Воздух постепенно становился прохладнее, и от этого легче дышалось.
- Как-то под утро, когда солнце еще не встало, и клуб был закрыт, вызывает меня директор и говорит: "Дуняша, что делать будем?" - А что случилось? - спрашиваю. "Говорят вчера объявили врагов народа, и среди них, вот этот". И показывает рукой на стоявший прямо наверху парадной лестницы клуба большой белый гипсовый бюст начальника строительства плотины.
Голос её ровным тоном доносился ко мне из степной тишины. Закрыв глаза, я продолжал слушать, не перебивая её, потому как знал все наперед.
- Как быть? Оставить на прежнем месте? А вдруг он и, вправду, враг народа? Обвинят в политической близорукости, а еще чего хуже, пособничестве, и тогда арест и ссылка на десять лет без права переписки, а на самом деле, по горячим следа, приговор и расстрел. Такое было не редкость. Родственникам же сообщат, что осужденный благополучно проходит трудовое перевоспитание в специальных лагерях. Слово "специальное", как тогда, так и сейчас, используется в особых на то случаях.
Она замолчала, словно припоминая все детали.
- А убери бюст, тут тоже, как бы ошибки не вышло. А если все эти разговоры лишь пустые домыслы? Нет бюста на месте, органы решат, что в клубе завелся вредитель, и его надо срочно найти и обезвредить. Начнутся допросы, и пойдет директор по этапам, в конце которых та самая стенка, о которой в песнях поётся. "Что делать, Дуняша?" Я и предложила ему, как бы, нечаянно, толкнуть бюст с лестницы вниз. Мол, случайно ночью упал. Дело житейское. Если он не враг, то осколочки подберем, слепим, и обратно поставим. А как он враг народа, то и собирать не будем, а еще и сами разобьем на мелкие кусочки, подтверждая свою революционную бдительность.

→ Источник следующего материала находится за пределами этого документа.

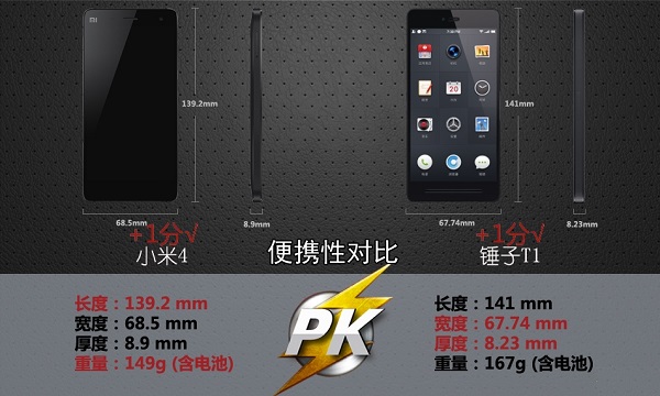 小米4的机身尺寸为139.2x68.5x8.9mm,机身重量为149g。而锤子T1手机机身尺寸为141x67.7x8.23mm,如下图所示: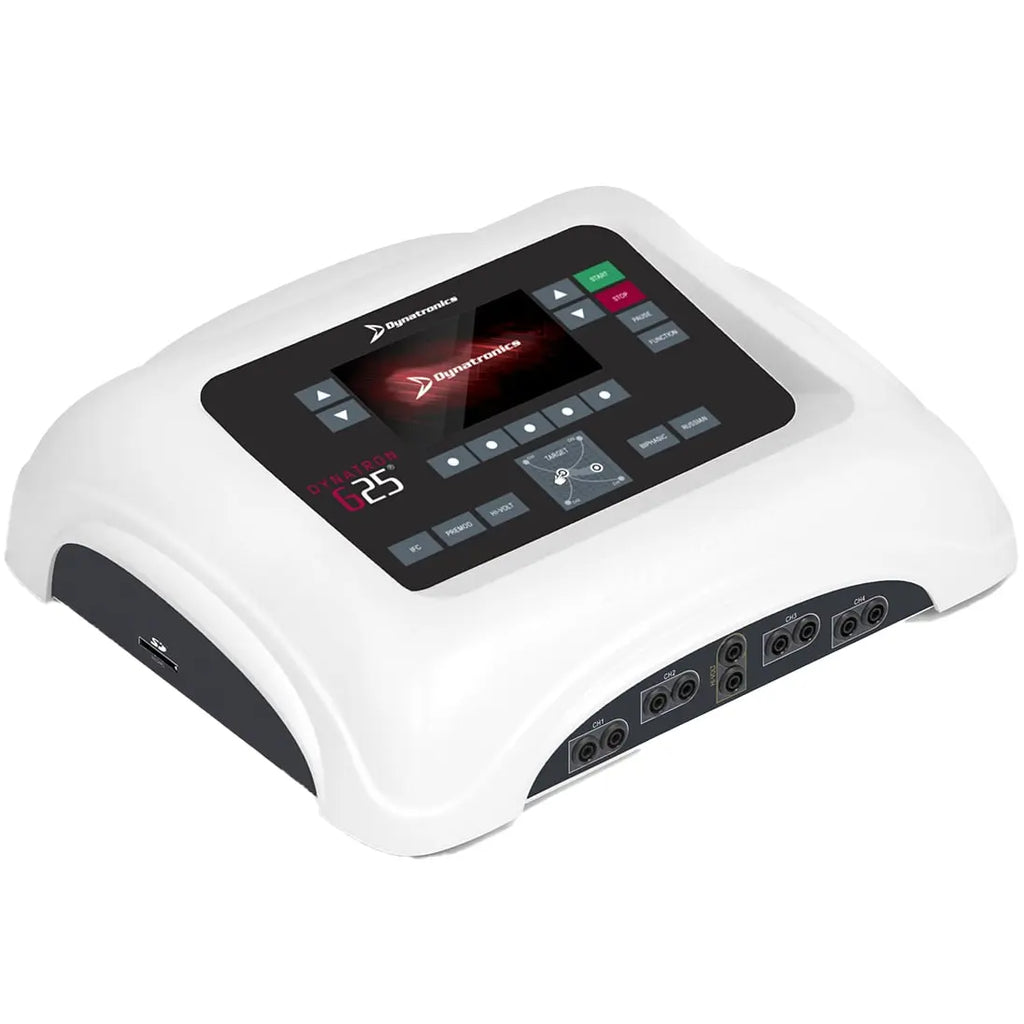 The Dynatronics Dynatron 625 5 Channel Stim Unit allows fully-independent treatment setups including Interferential, Premodulated, Biphasic, High Voltage pulsed stimulation, and Russian stimulation using any available electrotherapy channel.

Так они и поступили. Кстати, начальник строительства плотины все-таки оказался врагом. Кончил он свою жизнь у той самой знаменитой стены, но не у Кремлевской. Там другие, говорила бабушка, настоящие герои лежат, которые сами решали, кому жить, а кого к стенке ставить. В последствие директора клуба тоже арестовали, но совсем по другому обвинению, и было это значительно позднее, когда Дуняша в клубе уже не работала. Повезло ей. Оказался он шпионом, хотя языка "ихнего" шпионского сроду никогда не слыхивал.
С последними лучами заходящего солнца тишина растаяла, и степь, как по мановению дирижерской палочки, взорвалась оглушительным треском цикад. Звезды, словно далекие ночные фонари, ярко светили в черном небе, принося на землю успокоение. Но мне почему-то совсем расхотелось спать. Я неподвижно лежал, глядя в черноту степной ночи. Я чувствовал, что она где-то рядом, где-то здесь. Голос её звучал прямо над моей головой.
- Степь всем желанна. Полчища захватчиков приходили, гуляли по её ложбинкам, её раздольным полям и просторам. Хотели поработить, сделать своей вотчиной. - Тихо, словно кто-то, кроме меня мог её услышать, продолжила она. - Да только Степь заколдована, Свобода в ней живет, неволить её невозможно. Любить её надо.
Она помолчала, вспоминая что-то из прошлого.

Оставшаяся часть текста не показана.